Валюшка, окрыленная, по всей видимости, своими нынешними амурными достижениями,
начала строить глазки симпатичному незнакомцу, тот старался соответствовать, а
Струмилин оставался не у дел. Вдобавок вызов недалеко, сразу за Сенной
площадью, и при виде молодой девицы, с ошалелым видом валявшейся на диване, у
врача и фельдшерицы сразу сделались разъяренные лица.
– Опять?! – рявкнул Струмилин, и пухленькая дамочка, мамочка
несостоявшейся самоубийцы, со слезами заломила руки:
– Опять, доктор!
– Ну и на кой черт нам ее вытаскивать, если человеку стабильно
жить неохота? – ворчала Валюшка, принимая от хозяйки ведро с водой и открывая
свой чемоданчик.
При виде прозрачного шланга и воронки девица слабо забила
ногами по дивану, выражая свой протест, однако с ней не церемонились: Струмилин
связал ей руки, а потом разомкнул крепко стиснутые зубы пальцем. Палец для
такого случая он облачил в специальный металлический чехол: если спасаемому
придет фантазия кусаться, пусть ломает свои зубы о железо, а не жует кости
самоотверженного врача.
Валюха начала вводить зонд, однако пациентка продолжала
биться и рваться, поэтому Струмилин с особенным удовольствием зафиксировал ей
голову, благо голова у девицы была большая и дурная.
– Ой, ребята… – простонал Леший, он тоже притащился в
квартиру и теперь испуганно заглядывал из прихожей. – А нельзя ли полегче?!
– Слабонервных просят удалиться, – буркнул Струмилин,
устраиваясь поудобнее. – Держи ей лучше ноги. Не понял еще, что работа у нас
такая: придурков к жизни возвращать? Мы, главное, эту Катю Малахову уже спасали
полгода назад, причем тогда натурально с того света извлекли. Родители уехали в
деревню в гости, а она воспользовалась моментом – и решила травиться! Родители
вернулись, а дочка на полу валяется. И, главное, облатки Катерина наша
ножницами в вермишель изрезала и в окошко выкинула – чтоб никто не догадался,
значит, от чего лечить… Да держи, сказано, хватит любоваться! – прикрикнул он
на Лешего, с видимым удовольствием разглядывая стройные Катеринины ножки,
примеряясь, взяться за тонкие лодыжки или загорелые икры. – Вот так, чтоб не
дергалась.
– Ну а потом? – поинтересовался Леший, плечом откидывая со
лба разлохмаченную прядь, чтоб не заслоняла поле деятельности. Халатик у
Катерины, надо заметить, был коротехонький…

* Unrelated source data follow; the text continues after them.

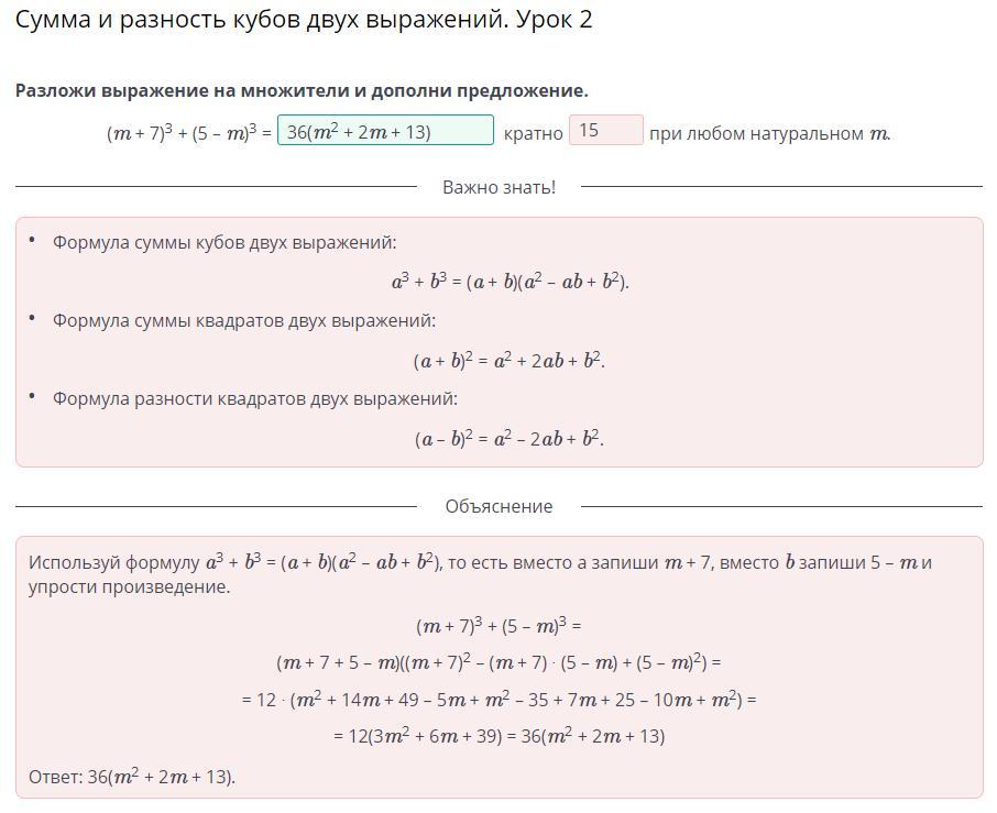 Разложи выражение на множители и дополни предложение. (m+ 7 + (5 - m )3= ........кратно ..........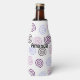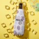 Este refrigerador a garrafa tem um design de arte em espirais em tons de roxo, azul claro e marrom, em um campo de branco. Se você quiser o mesmo design com cores diferentes, me mande uma mensagem.
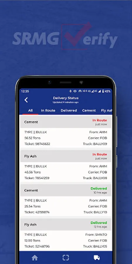 "SRMG Verify users can scan SRMG tickets and give the customer the ability to see the shipping status of their expected delivery at any moment in time."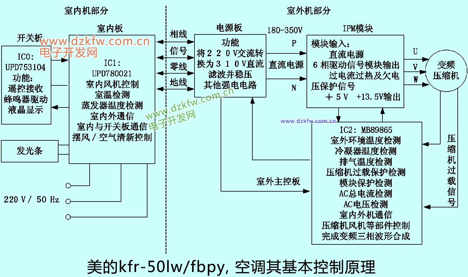 變頻空調器是當今房間空調器發展的方向,它通過變頻控制器調節壓縮機的轉速(頻率),實現了制冷(熱)量與房間熱(冷)負荷的自動匹配,具有調溫速度快,低溫制熱效率好,溫度控制精度高,適用溫度、電壓范圍寬等優點。特別是隨著變頻技術的發展,空調變頻從交流變頻轉到直流無刷電機、永磁同步電機變頻,因此變頻空調器無論是從使用電力電子器件,還是控制策略都廣泛地使用了當代的先進技術。無論是國產還是進口變頻空調,其控制電路原理大體相同,一般由室內機和室外機控制電路構成,下面以美的kfr-50lw/fbpy為例說明其基本控制原理。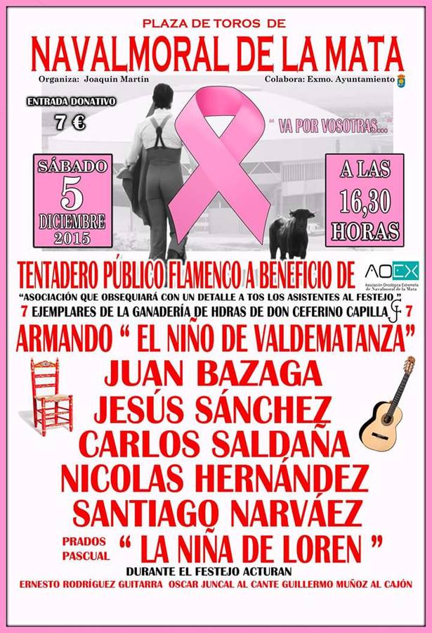 El edificio multiusos María Victoria Villalba plaza de toros en los ambientes taurinos- será escenario el sábado 5 de diciembre de una actividad benéfica que unirá el mundo del toreo y el flamenco. Un tentadero público flamenco cuya recaudación se destinará a la Asociación Oncológica Extremeña, AOEX. De ahí el lazo rosa que aparece en el cartel y la descriptiva frase Va por vosotras en alusión a las afectadas por cáncer de mama.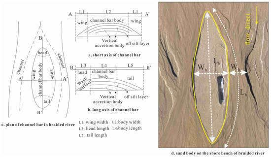 In order to more clearly and quantitatively study the scale of the single channel bar, the single channel bar dam is divided into several parts horizontally, including the head, the main body, the wing, and the tail. The head is the upstream face. Affected by the erosion of the water current, the steep erosion surfaces are likely to develop in the head area (Figure 4a). The end of single channel bar is gentle, while the wings on both sides are tangent to the direction of the current, and they are generally symmetrically developed [35]. This study measured the width and length of the eight selected channel bar sand bodies (Figure 4b–d), and recorded the corresponding data in sheets. In order to better characterize the characteristics of channel bar sand bodies, the length of the channel bar Lb is defined as the longest distance along the long axis of the dam body in the downstream direction, i.e., Lb = L3 + L4 + L5. The width of the single channel bar Wb is defined as the longest distance in the transverse direction of the braided flow; that is, Wb = 2L1 + L2.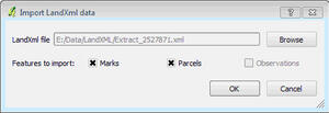 Depending on the options you selected, the LandXML_parcels and/or LandXML_marks and/or LandXML_observations layers will be added to the map project. You can then style the layers using QGIS's layer properties dialog.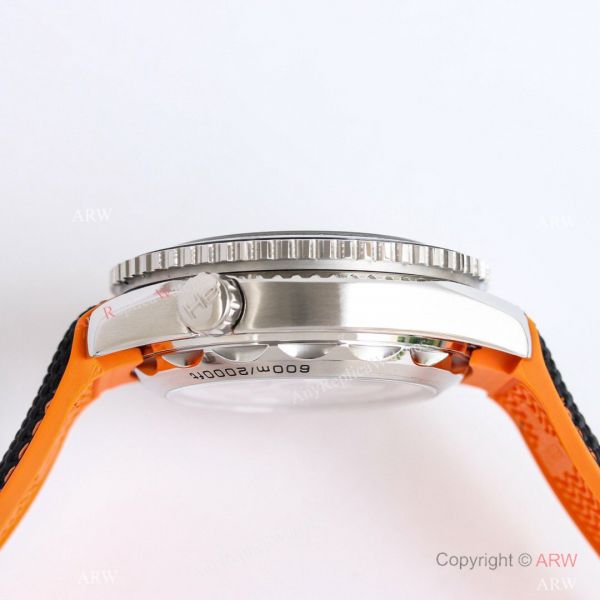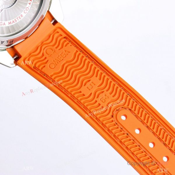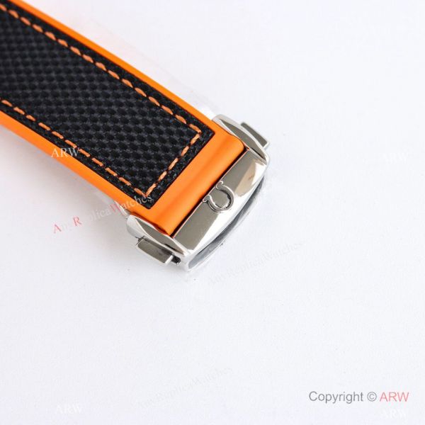 Watchband: High Quality Gray/Orange Gummy Strap watch bracelet. Buckle with Proper Omega Engraving.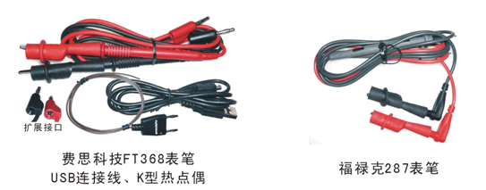 福祿克287的鱷魚夾手感好很多,比對手檔次高。費(fèi)思FT368的表筆很實(shí)用和高檔,可以在其擴(kuò)展接口上插測試線。另外費(fèi)思FT368的K型熱點(diǎn)偶很正點(diǎn),價(jià)值不菲。

– Мама ее говорила, что девонька травилась от несчастной
любви. И снова, вот видишь, – то же самое.
– Крепко, значит, любит, – сочувственно прошептал Леший,
исследуя изящные Катеринины коленки. – А чем траванулась?

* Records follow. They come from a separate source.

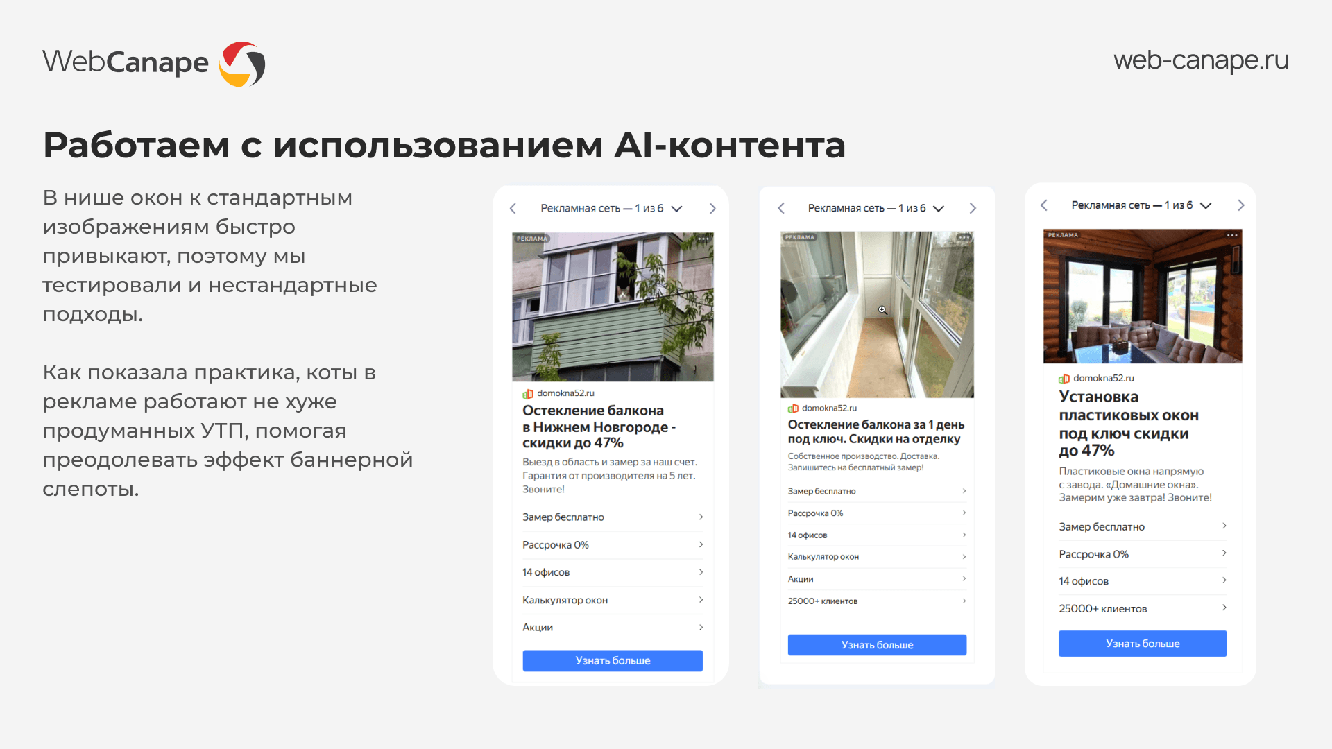 В нише окон к стандартным изображениям быстро привыкают, поэтому мы тестировали и нестандартные подходы. Как показала практика, коты в рекламе работают не хуже продуманных УТП, помогая преодолевать эффект баннерной слепоты.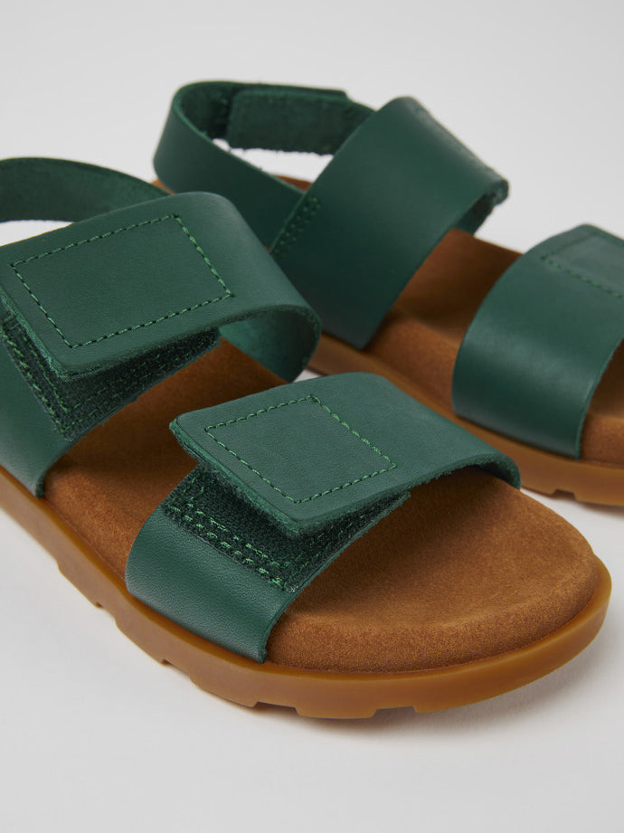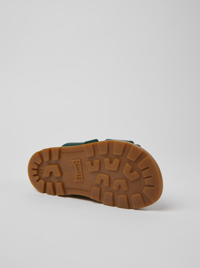 Children's Green leather Sandal by Camper Kids with Velcro closure, non-removable OrthoLite® Recycled™ footbed and rubber outsole. Brutus for children with the robust urban look and the excellent sole grip is particularly durable thanks to the all-round seam.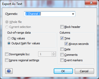 Neuroexplorer is also able to read .txt files, which LabChart is capable of generating via the 'Export' option, found under the main 'File' menu. This method requires that you uncheck the 'Block Header' option, as NeuroExplorer cannot read the column headings: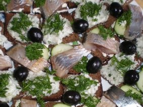 Описание: БУТЕРБРОДЫ С САЛОМ ИнгредиентыКирпичик черного хлеба — 1ШтукаСало — 150 ГраммЧеснок — 5 ЗубчиковСеледка — 1 ШтукаОгурец — 1 ШтукаМайонез — 150 ГраммСвежая петрушка, укроп — -По вкусуОливки или маслины — - Повкусу (для украшения)Процесс приготовленияПодготовим все, что нампотребуется дляприготовления бутербродов.Сало необходимопропустить через мясорубкувместе с чесноком. Затем всмесь добавить мелконарубленный укроп. Хлебнарезаем ломтиками, затемкаждый ломтик делим на 4части. Половину (подселедку) смазываеммайонезом, кусочки подсало - оставляемнетронутыми. На хлеб безмайонеза намазываем смесьиз сала и чеснока, на хлеб смайонезом выкладываемогурчики и кусочек селедкии веточку укропа.Складываем в шахматномпорядке на тарелкебутерброды, украшаеммаслинами.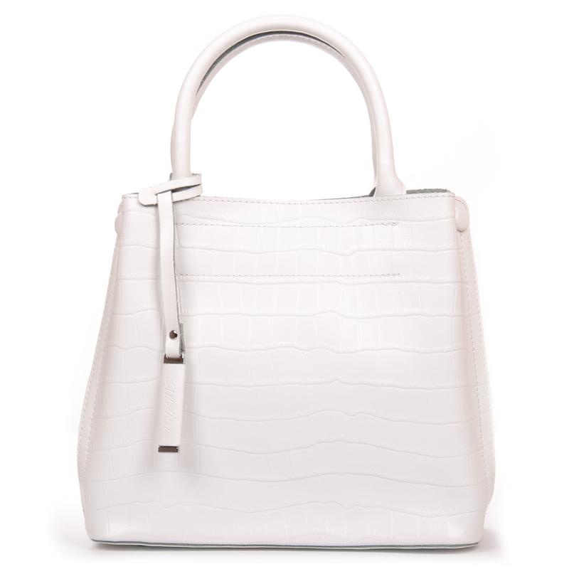 Виготовлена з натуральної щільної шкіри. Три відділення: центральне закривається на блискавку, а бічні на магнітну кнопку. Усередині центрального відділення є бокова кишеня на блискавці і відкритий подвійний кишеню. Жорстке дно на металевих ніжках. У комплекті регульований плечовий ремінь. Розмір (см.) 26 * 23 * 12, висота ручок 10см.

– Реланиумом, наверно, – выглянула из кухни Катеринина мама,
держа в пригоршне смятую фольгу. – Бабуле нашей реланиум прописывают, вот она и
добралась до него.
– Опять реланиум? Это у нас уже было, правда, Валя? Не
волнуйтесь, откачаем вашу дочку, – успокаивающе покивал Струмилин, глядя в тазик,
куда извергалось содержимое Катиного желудка. – Видите, сколько всего из нее
выливается? Значит, она как следует поела, прежде чем наглоталась реланиума. То
есть он не успел основательно всосаться в кровь. Покушала, так сказать, в
последний раз… Вы только скажите: неужто она опять от любви страдала? Что ж там
за персонаж такой, что за раскрасавец, из-за кого этакая девица жизни себя
лишает… с ее-то красотой…
– И с ее ногами! – поддакнул Леший.
Катина мама устало смахнула слезы:
– Да все правильно, что вы говорите, молодые люди. Главное,
был бы хоть достойный человек, тогда еще можно понять. А то… и старше ее лет на
пятнадцать, и собой ох как нехорош!
Катерина что-то протестующе замычала, завозилась, но
Струмилин и Леший были настороже, поэтому несчастной влюбленной ничего не
оставалось, кроме как лежать смирно и выслушивать гневные матушкины слова:
– А что? Разве я неправду говорю? Нехорош он, решительно
нехорош! Вылитый бывший наш губернатор, Глеб Чужанин, ну просто одно лицо.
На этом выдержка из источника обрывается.